(GIVEN DATA)
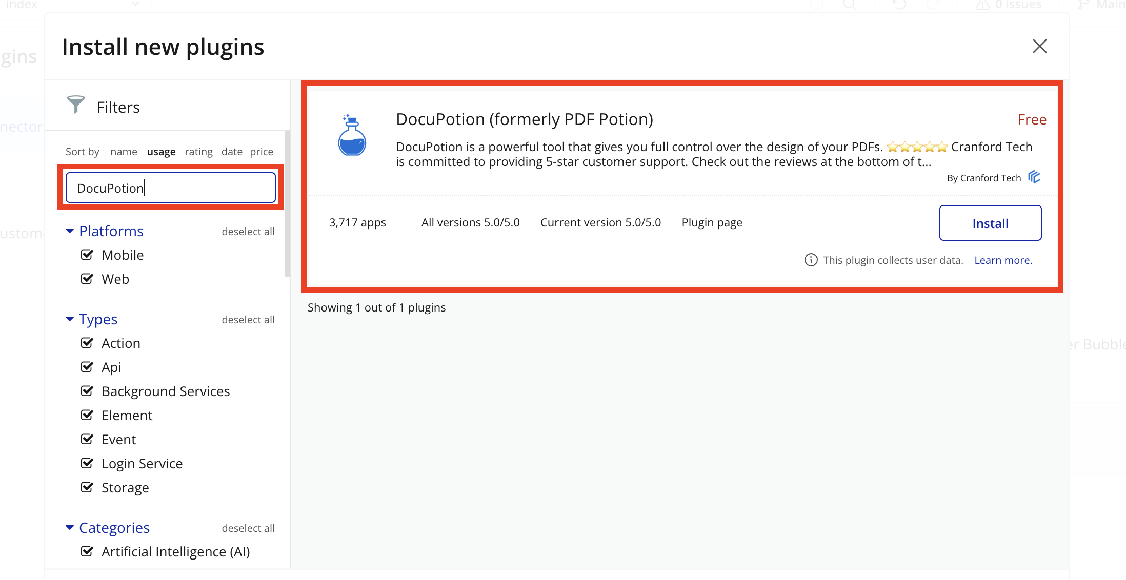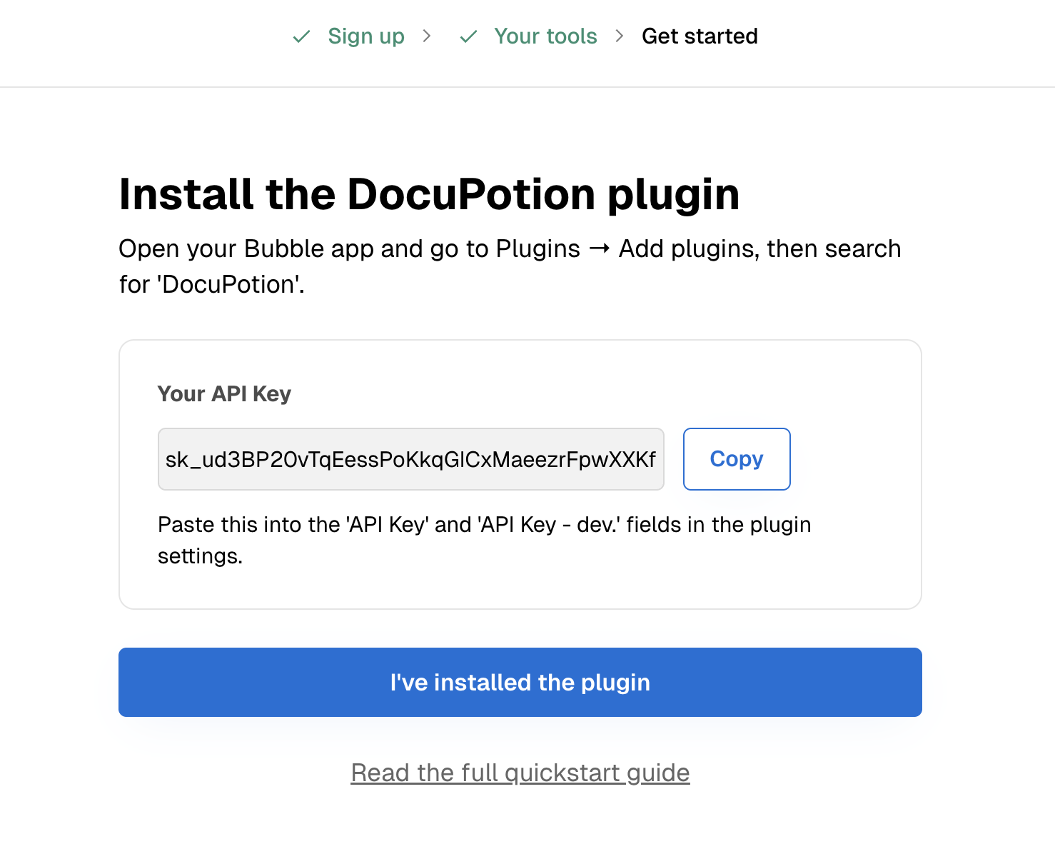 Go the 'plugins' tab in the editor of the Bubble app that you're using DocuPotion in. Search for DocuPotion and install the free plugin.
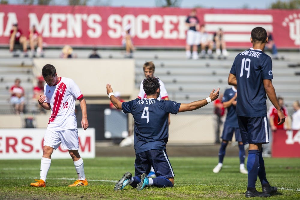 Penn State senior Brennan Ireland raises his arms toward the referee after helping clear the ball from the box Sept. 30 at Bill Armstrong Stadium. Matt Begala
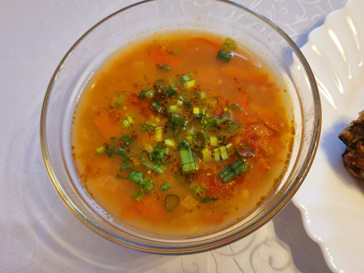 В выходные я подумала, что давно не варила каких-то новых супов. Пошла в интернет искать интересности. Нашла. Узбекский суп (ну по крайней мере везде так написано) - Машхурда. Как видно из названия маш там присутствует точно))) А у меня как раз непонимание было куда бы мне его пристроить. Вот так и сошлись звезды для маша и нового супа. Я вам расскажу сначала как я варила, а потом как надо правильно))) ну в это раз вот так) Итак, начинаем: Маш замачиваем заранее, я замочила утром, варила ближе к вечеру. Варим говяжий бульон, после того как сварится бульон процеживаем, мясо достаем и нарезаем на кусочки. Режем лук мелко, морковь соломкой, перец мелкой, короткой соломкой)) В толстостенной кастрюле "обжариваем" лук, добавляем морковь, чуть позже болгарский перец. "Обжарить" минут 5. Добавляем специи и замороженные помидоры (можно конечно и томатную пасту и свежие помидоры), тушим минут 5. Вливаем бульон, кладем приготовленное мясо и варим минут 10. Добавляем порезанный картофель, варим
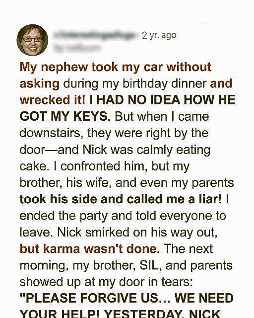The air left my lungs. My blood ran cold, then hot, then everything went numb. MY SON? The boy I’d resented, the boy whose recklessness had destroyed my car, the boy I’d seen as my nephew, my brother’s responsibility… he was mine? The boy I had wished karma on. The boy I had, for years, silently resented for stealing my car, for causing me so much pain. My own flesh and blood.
(End GIVEN DATA)
(GIVEN DATA)
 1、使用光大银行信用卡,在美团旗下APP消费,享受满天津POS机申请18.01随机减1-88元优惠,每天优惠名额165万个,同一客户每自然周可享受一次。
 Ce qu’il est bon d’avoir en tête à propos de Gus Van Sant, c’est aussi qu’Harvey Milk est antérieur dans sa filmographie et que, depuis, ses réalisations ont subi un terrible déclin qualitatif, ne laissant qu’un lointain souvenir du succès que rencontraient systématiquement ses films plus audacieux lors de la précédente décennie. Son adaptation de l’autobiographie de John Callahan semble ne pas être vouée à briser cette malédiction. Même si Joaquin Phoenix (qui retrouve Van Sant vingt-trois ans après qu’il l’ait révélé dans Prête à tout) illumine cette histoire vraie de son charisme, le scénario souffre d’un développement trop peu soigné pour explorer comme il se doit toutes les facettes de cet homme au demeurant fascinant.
(End GIVEN DATA)
_ABOUT THIS EXERCISE:_ Write out the lines above from the one with "Go the 'plugins'" through the one with "The air left", ends included, exactly; no picture goes in.

_SOLUTION FOR THIS PROBLEM:_
 Go the 'plugins' tab in the editor of the Bubble app that you're using DocuPotion in. Search for DocuPotion and install the free plugin.
 Penn State senior Brennan Ireland raises his arms toward the referee after helping clear the ball from the box Sept. 30 at Bill Armstrong Stadium. Matt Begala
 В выходные я подумала, что давно не варила каких-то новых супов. Пошла в интернет искать интересности. Нашла. Узбекский суп (ну по крайней мере везде так написано) - Машхурда. Как видно из названия маш там присутствует точно))) А у меня как раз непонимание было куда бы мне его пристроить. Вот так и сошлись звезды для маша и нового супа. Я вам расскажу сначала как я варила, а потом как надо правильно))) ну в это раз вот так) Итак, начинаем: Маш замачиваем заранее, я замочила утром, варила ближе к вечеру. Варим говяжий бульон, после того как сварится бульон процеживаем, мясо достаем и нарезаем на кусочки. Режем лук мелко, морковь соломкой, перец мелкой, короткой соломкой)) В толстостенной кастрюле "обжариваем" лук, добавляем морковь, чуть позже болгарский перец. "Обжарить" минут 5. Добавляем специи и замороженные помидоры (можно конечно и томатную пасту и свежие помидоры), тушим минут 5. Вливаем бульон, кладем приготовленное мясо и варим минут 10. Добавляем порезанный картофель, варим
The air left my lungs. My blood ran cold, then hot, then everything went numb. MY SON? The boy I’d resented, the boy whose recklessness had destroyed my car, the boy I’d seen as my nephew, my brother’s responsibility… he was mine? The boy I had wished karma on. The boy I had, for years, silently resented for stealing my car, for causing me so much pain. My own flesh and blood.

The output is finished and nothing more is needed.